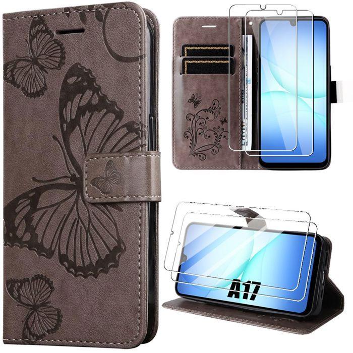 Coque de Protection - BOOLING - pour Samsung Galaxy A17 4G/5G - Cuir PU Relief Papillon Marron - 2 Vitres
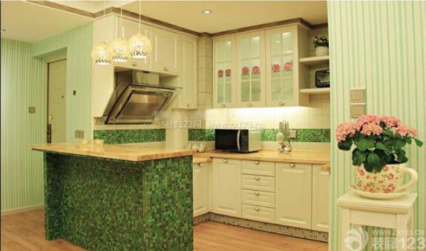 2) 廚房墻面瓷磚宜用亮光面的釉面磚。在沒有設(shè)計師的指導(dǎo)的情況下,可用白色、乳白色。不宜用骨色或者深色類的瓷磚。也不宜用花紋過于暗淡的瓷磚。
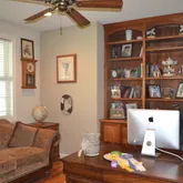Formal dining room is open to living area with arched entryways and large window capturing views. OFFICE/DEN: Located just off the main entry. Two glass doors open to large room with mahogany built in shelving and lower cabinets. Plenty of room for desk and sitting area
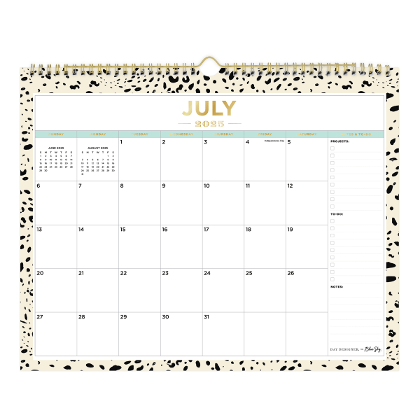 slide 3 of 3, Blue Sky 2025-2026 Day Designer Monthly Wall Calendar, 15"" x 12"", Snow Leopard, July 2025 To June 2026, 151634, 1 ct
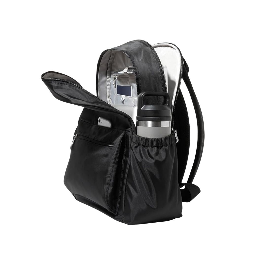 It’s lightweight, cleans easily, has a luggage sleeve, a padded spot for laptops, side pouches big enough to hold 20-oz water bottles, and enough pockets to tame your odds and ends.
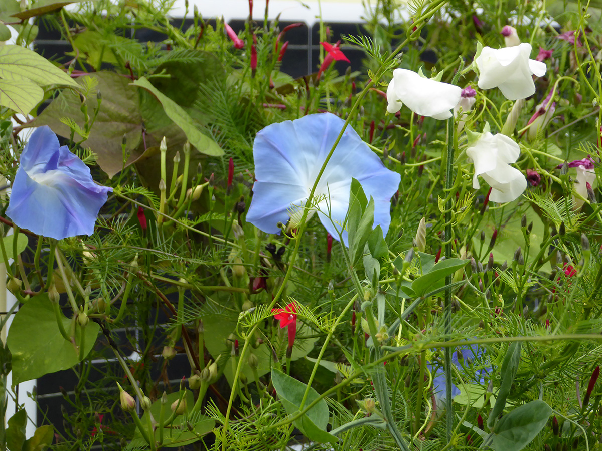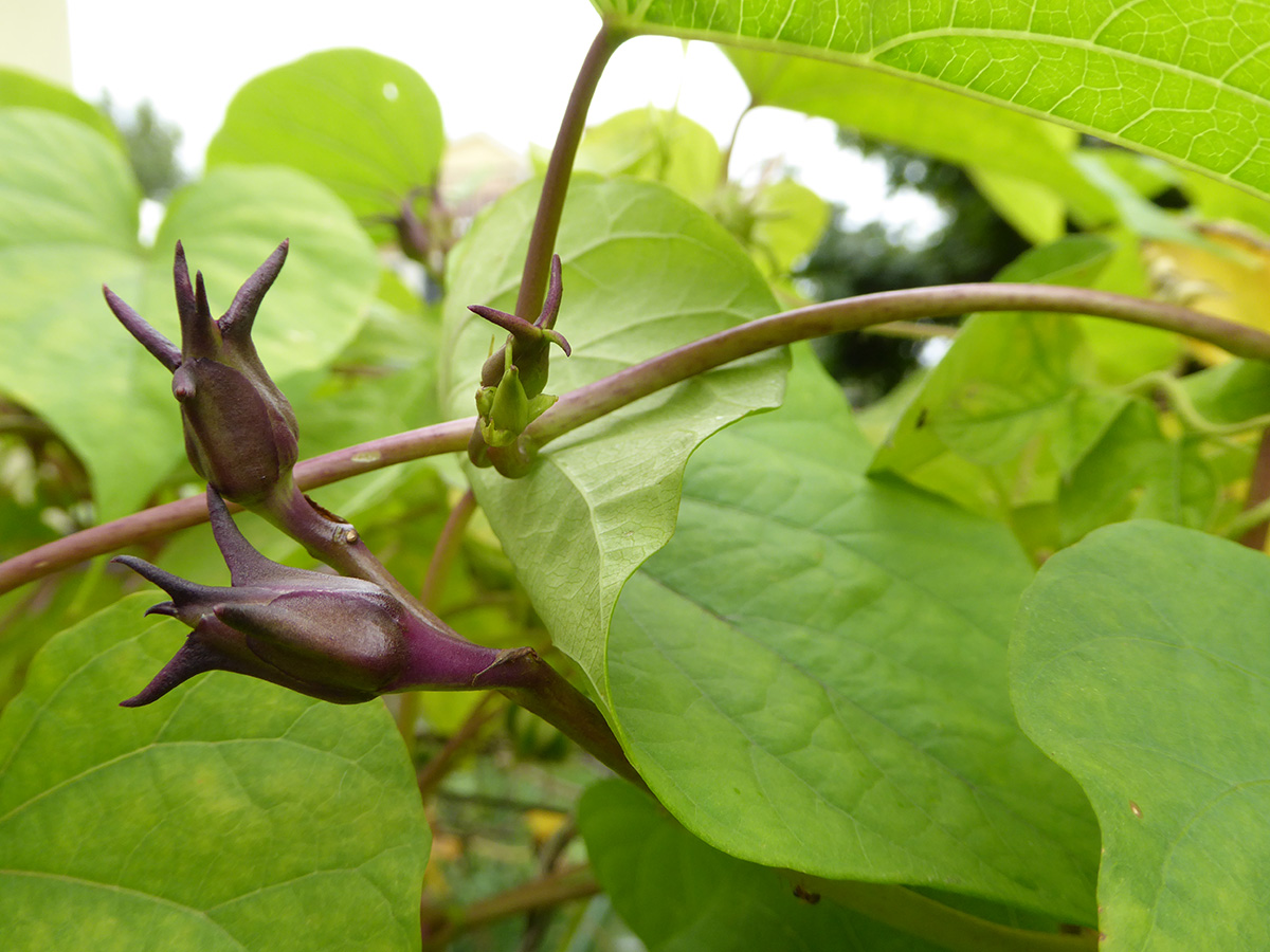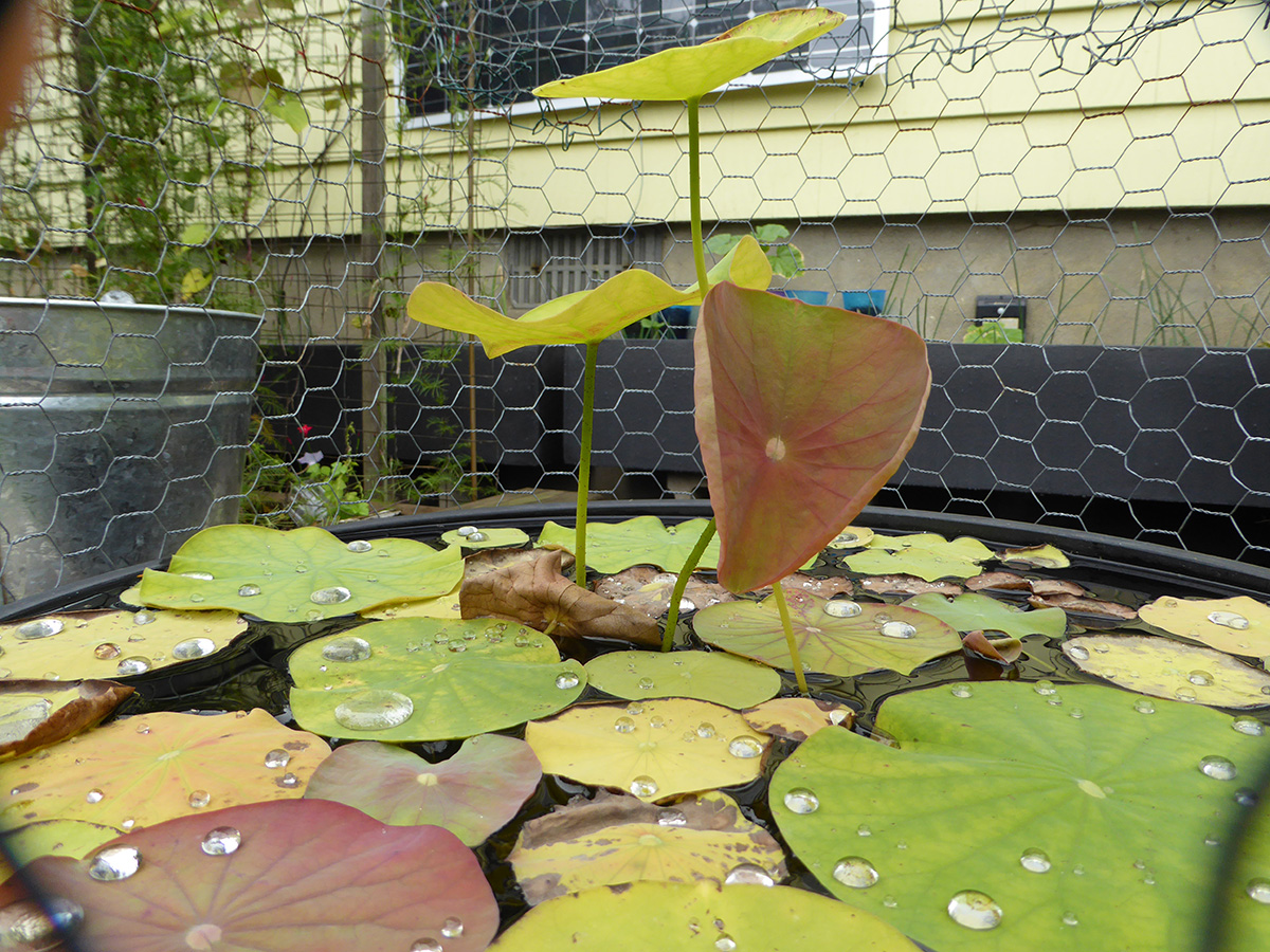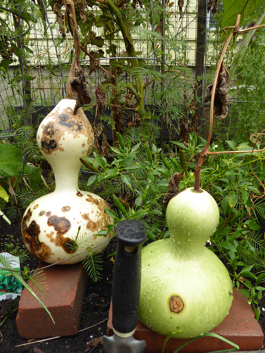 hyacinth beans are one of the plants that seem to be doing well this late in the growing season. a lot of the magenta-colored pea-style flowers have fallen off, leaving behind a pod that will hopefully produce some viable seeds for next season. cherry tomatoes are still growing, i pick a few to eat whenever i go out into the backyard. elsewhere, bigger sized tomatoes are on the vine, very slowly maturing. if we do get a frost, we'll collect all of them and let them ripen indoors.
____________________
- [WHAT TO DO]
Each line of the data needs to be output exactly, with any image excluded.

- [RESULT OF THE EXERCISE]
 Coque de Protection - BOOLING - pour Samsung Galaxy A17 4G/5G - Cuir PU Relief Papillon Marron - 2 Vitres
 2) 廚房墻面瓷磚宜用亮光面的釉面磚。在沒有設(shè)計師的指導(dǎo)的情況下,可用白色、乳白色。不宜用骨色或者深色類的瓷磚。也不宜用花紋過于暗淡的瓷磚。
Formal dining room is open to living area with arched entryways and large window capturing views. OFFICE/DEN: Located just off the main entry. Two glass doors open to large room with mahogany built in shelving and lower cabinets. Plenty of room for desk and sitting area
 slide 3 of 3, Blue Sky 2025-2026 Day Designer Monthly Wall Calendar, 15"" x 12"", Snow Leopard, July 2025 To June 2026, 151634, 1 ct
 It’s lightweight, cleans easily, has a luggage sleeve, a padded spot for laptops, side pouches big enough to hold 20-oz water bottles, and enough pockets to tame your odds and ends.
 hyacinth beans are one of the plants that seem to be doing well this late in the growing season. a lot of the magenta-colored pea-style flowers have fallen off, leaving behind a pod that will hopefully produce some viable seeds for next season. cherry tomatoes are still growing, i pick a few to eat whenever i go out into the backyard. elsewhere, bigger sized tomatoes are on the vine, very slowly maturing. if we do get a frost, we'll collect all of them and let them ripen indoors.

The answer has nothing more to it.